BARACK Obama arrived in Shanghai about 11:10 last night, the first time he has visited China since being elected United States president.

Obama's Air Force One aircraft landed at Pudong International Airport in cold weather and heavy rain.

He gave a broad smile and waved at the crowd when he stepped from the plane.

After he descended the steps, he received a bunch of flowers from a young Shanghai girl and positively beamed as he accepted them.

US Secretary of State Hillary Clinton, Permanent Representative to the United Nations Susan Rice and National Security Adviser James Jones also arrived in Shanghai last night.

Obama will meet top city officials this morning.

In the afternoon he will talk with young Chinese people at the Shanghai Science and Technology Museum where he will answer a number of questions out of more than 3,200 put forward by Chinese Internet users.

This event will be televised and broadcast live online.

He will then fly to Beijing to continue his four-day China visit.

Obama is on a nine-day tour of Asia, which started on Friday with a leg in Japan, followed by his participation in the two-day Asia-Pacific Economic Cooperation summit in Singapore.

In an Asian policy speech Obama delivered in Tokyo on Saturday, he said a strong and prosperous China can be a source of strength for all nations and the US did not want to "contain China."

Shen Dingli, executive dean of the Institute of International Studies at Fudan University, said people had high expectations over Obama's visit to China.

"We hope President Obama will form a deeper understanding of China with this trip," Shen said.

"It is important for him to see the hardship China bears to stimulate development, its relentless efforts to improve people's livelihood and its earnest determination to cooperate with other countries to solve global problems.
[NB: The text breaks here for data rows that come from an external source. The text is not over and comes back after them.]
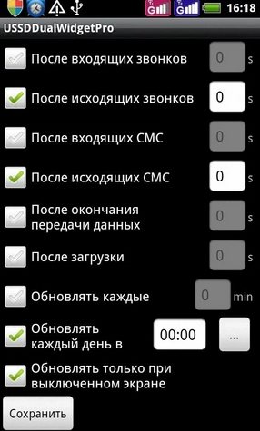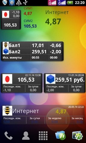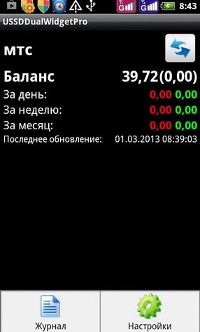 Автоматическое обновление в режиме "тихого" запроса доступно только в Pro-версии. Перед удалением USSDDualWidget не забудьте снять галку в Настройки телефона - Безопасность - Выбрать администраторов устройства. ИНСТРУКЦИИ И ПРИМЕРЫ НАСТРОЕКПрограмму необходимо устанавливать в основную память смартфона. Для работы программы необходимо удалить или заморозить другие программы работающие с USSD-запросами(USSD checker и т.п.). После установки требуется однократная перезагрузка. Программа корректно работает с двумя симкартами без прав root на большинстве смартфонов на платформах MTK(65xx, 67xx), Samsung Duos и на некоторых на Qualcomm. Для большинства телефонов на Android 5.x без прав root должен работать режим Mode 1. Для большинства телефонов кроме MTK 6573 и Samsung Duos подходит режим Dual Sim Mode 0. Для большинства телефонов на MTK 6573 подходит режим Mode 1. На Samsung Duos кроме S7562 должен работать режим Mode 2. На Samsung S7562 выбирайте режим Mode 0. На HTC Desire SV и HTC Desire V используйте Mode 3. Mode 4 - режим "тихого" USSD-запроса для смартфонов на MTK(может потребоваться root) Mode 5(необходимы права root) - режим "тихого" USSD-запроса, подходит для всех смартфонов. Режим совместим с Android 4.2.2. Если при использовании Mode 5 после перезагрузки пропадает и не восстанавливается сеть, то попробуйте изменить подрежим. На китайских двухсимочниках на Qualcomm(ZTE 880, Huawei 8825 и т.п.) и Samsung S7562 попробуйте изменить настройку "Режим запросов". Если в Mode 5 не происходит обновления баланса (на одной или обеих симкартах), то попробуйте увеличить задержку после загрузки и сменить подрежим. После изменения подрежима и задержки после загрузки нужно перезагрузить смартфон(не быстрая перезагрузка). Для смартфонов на MTK нужно выбирать подрежим 1 в Mode 5 и задержку после загрузки секуд 15-20, после установки этих параметров требуется перезагрузка(не быстрая). Подрежим 1 также может использоваться на многих других смартфонах и во многих случаях позволяет решить различного рода проблемы с телефонией(если они возникают). На некоторых смартфонах нужно выставить в параметрах - управление сим-картами - голосовой вызов - "Всегда спрашивать". В USSDDualWidgetPro на Android 4.1 в некоторых случаях могут наблюдаться проблемы из-за того, что Google Play устанавливает программу в /mnt/asec (после перезагрузки пропадают виджеты и галка в администраторах устройства) В настройках, в пункте "О программе" можно посмотреть путь установки и при необходимости ее переустановить. Для обработки USSD-ответов на Android 4.2.2 и выше необходимо поставить галку "Перехватывать USSD" в системных настройках и включить программу в разделе "Спец. возможности" настроек Android или использовать режим USSD Mode 5 при наличии прав root.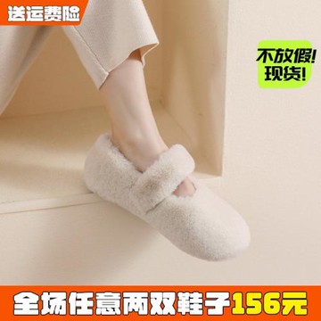 棉瓢鞋女秋冬百搭羊羔毛豆豆鞋厚底加絨外穿毛毛鞋大碼女鞋41一43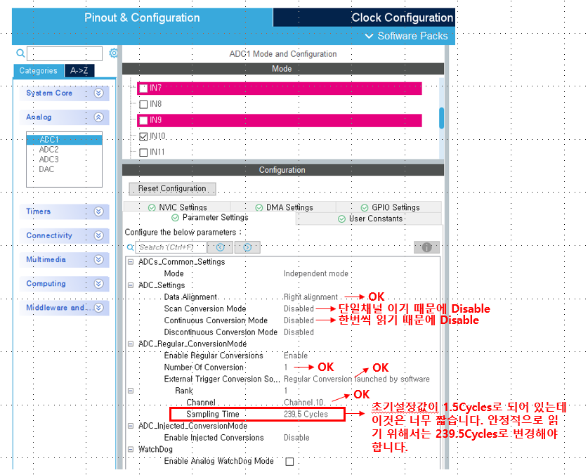 다음으로 할 일은 ADC의 각종 파라미터를 설정하는 것입니다.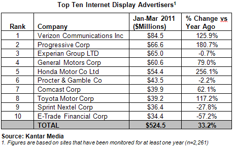 The top ten internet display advertisers of Q1 2011 invested $524.5 million in the medium, an increase of 33.2 percent. As a proportion of total display ad spending by all advertisers, the top ten accounted for 19.7 percent, a larger concentration than either TV or magazines. Auto manufacturers were represented in the ranking with three spots and some of the most dramatic growth rates. Telecom and financial service companies also claimed multiple spots.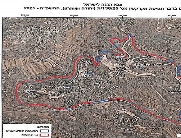 كشفت هيئة مقاومة الجدار والاستيطان، عن استيلاء سلطات الاحتلال الإسرائيلي على 70.147 دونما من خلال أمر وضع يد لأغراض عسكرية وأمنية، من أراضي قرى قريوت، واللبن الشرقية، والساوية، في محافظة نابلس، لصالح إقامة منطقة عازلة حول مستعمرة "عيلي".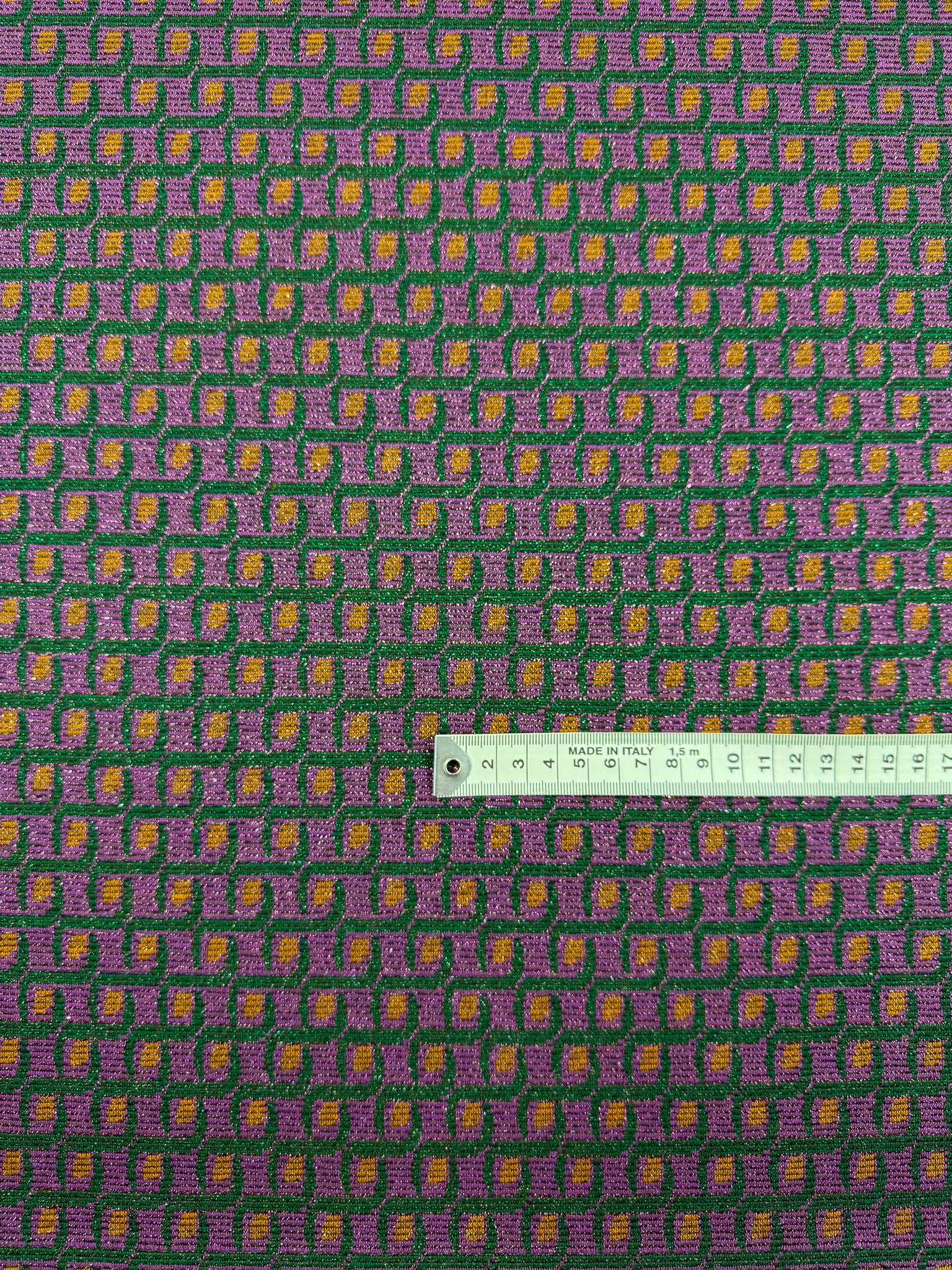 A lurex knit fabric with a geometric pattern in purple, green, and gold with a luxe woven texture.

"China, which is working hard to make a contribution to world stability, hopes to win respect and support from President Obama."

Global climate change, trade disputes, currency policy, and the North Korean nuclear issue are reported to be among the topics that Obama will discuss with President Hu Jintao and other Chinese leaders.

In the view of Patrick Mendis, a former American diplomat and a visiting scholar in foreign policy at the Johns Hopkins School of Advanced International Studies in Washington, growing bilateral business is an ultimate way to boost cooperation and trust.

"Increasing global trade and promoting business opportunities for American products, investments, services and ideas is a complicated gambit in the least pronounced doctrine of President Barack Obama," Mendis said.

"His trademark policy of advancing 'change' is ... designed to revitalize the economic foundation in the US, and to extend its strength to the growth and development of China and other countries."